Reasons for the drop

It is unclear if the drop is the result of a new law formulated to streamline the ability of the lender to repossess immovable structures that are saddled with mortgage payments long overdue. According to one foreclosure attorney, this dramatic fall is the result of banks and mortgage service providers being unable to provide documentation as proof that they are in control of the loan as demanded by the new legislation. As per the attorney, the new law was written in such a way that it was almost indecipherable to the lending industry as well as to the courts.

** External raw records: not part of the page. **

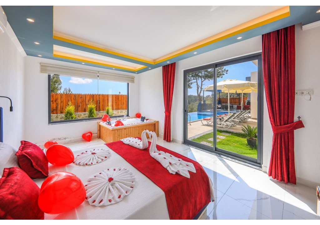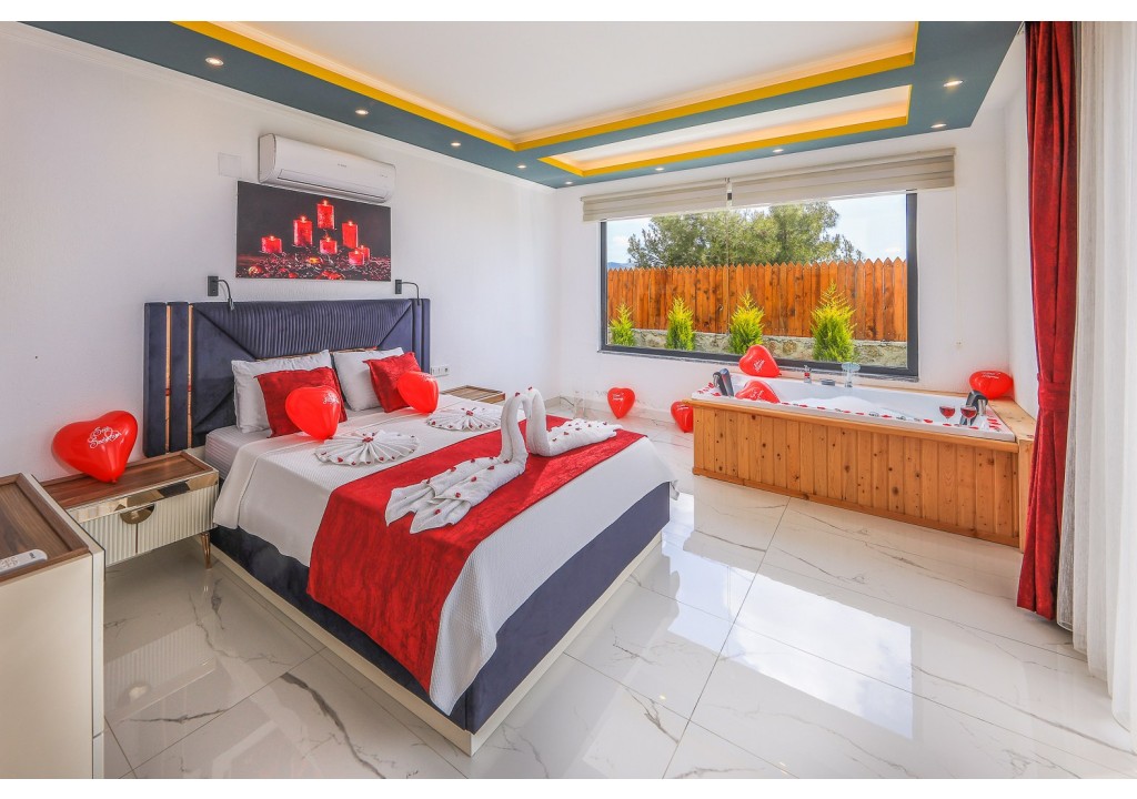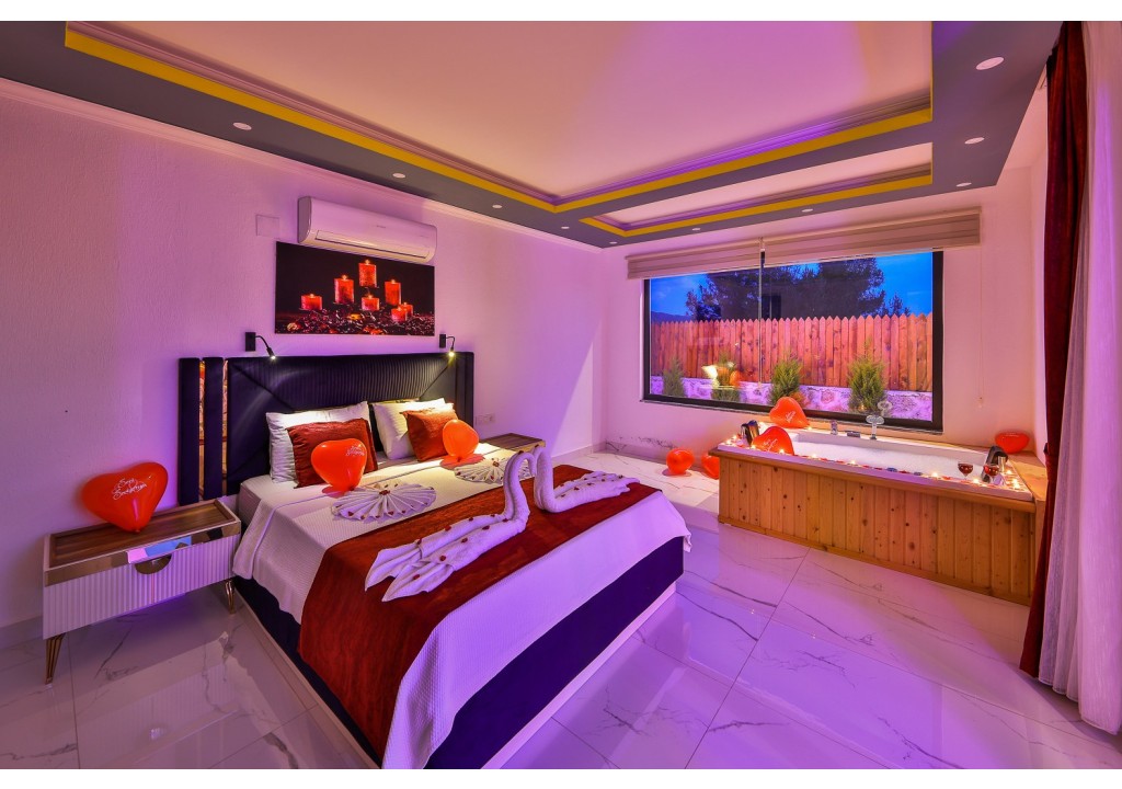 Detayları; Çift kişilik yatak, makyaj masası, komidin, klima, elbise dolabı, jakuzi, banyo ve tuvalet bulunmaktadır.
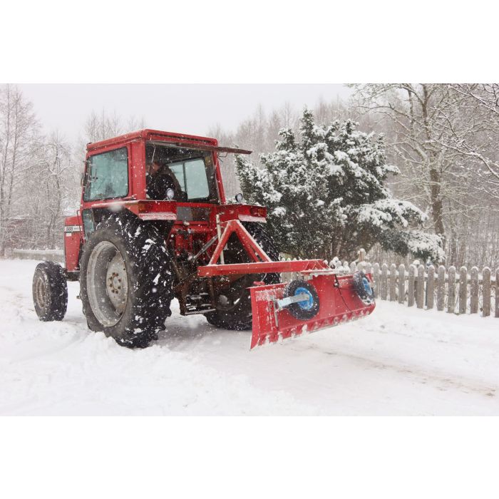 Schaktbladet är utrustat med ett utbytbart och vändbart skärstål med två funktioner – en slät sida för effektiv snöröjning och en räfflad sida för vägsladdning. Den svetsade hjulinfästningen ger stabilitet och hållbarhet, och för extra kontroll kan stödhjul köpas till.
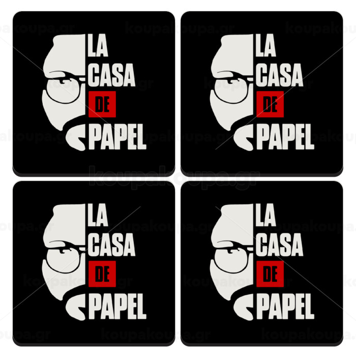 La casa de papel, ΣΕΤ 4 Σουβέρ ξύλινα τετράγωνα (9cm)
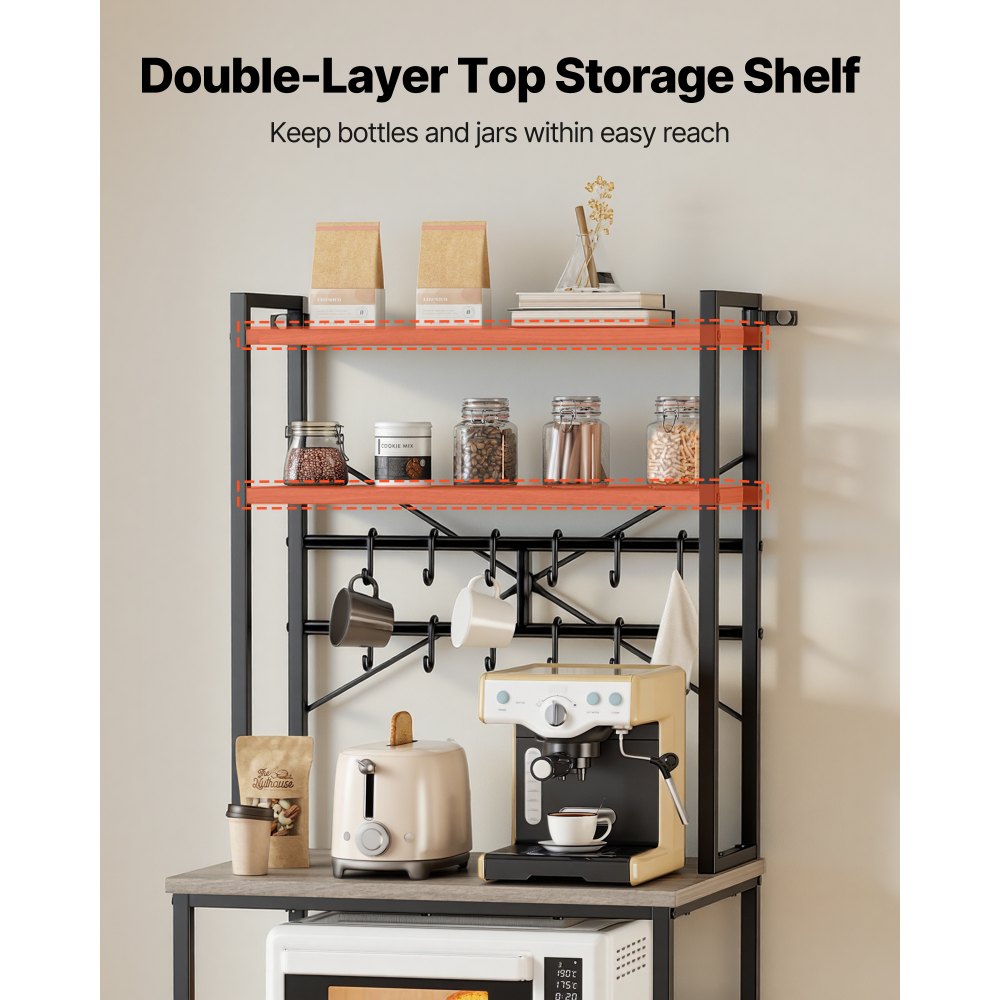 Átgondolt kialakítás: 12 fém kampóval a konyhai kiegészítőkhöz, négy állítható lábbal a padlófelület variálásához, valamint a mellékelt szerelési hardverrel és egy borulásgátlóval, álló péksütemény-tartónk a mindennapi használhatóságra összpontosít. A dupla drótpolcok és a natúr faerezetű asztallap egyaránt támogatja a konyhai tárolást és a háztartás rendszerezését.

Mortgage companies are taking the only action they can confidently opt for – either modify the mortgage or sell the concerned house as a short sale. Orlando short sales are said to occur when an immovable property or a house is sold for less the amount of money owed on the structure. The incidence of short sales has been increased throughout Florida in the past few months.

Decrease in foreclosure filings

Foreclosures are markedly decreasing. In Metro Orlando, approximately 2,415 houses gave some variety of foreclosure filing. The August report shows that such filings have decreased by 27% when compared to the previous year’s August report and also a 11% decrease from July this year. The Orlando metropolitan area is made up of 3 regions: Orange, Seminole, and Osceola. According to RealtyTrac Vice President, it is premature to assume that the law is not functioning as it should. Although foreclosure activity is down for the Orlando area, the courts have approved an increase in number of foreclosure sale notices as well as auction notices in the metro region. One way of knowing that foreclosure notices will be filed is that the concerned banks have begun to start the search and preparation work important to start the process of foreclosure.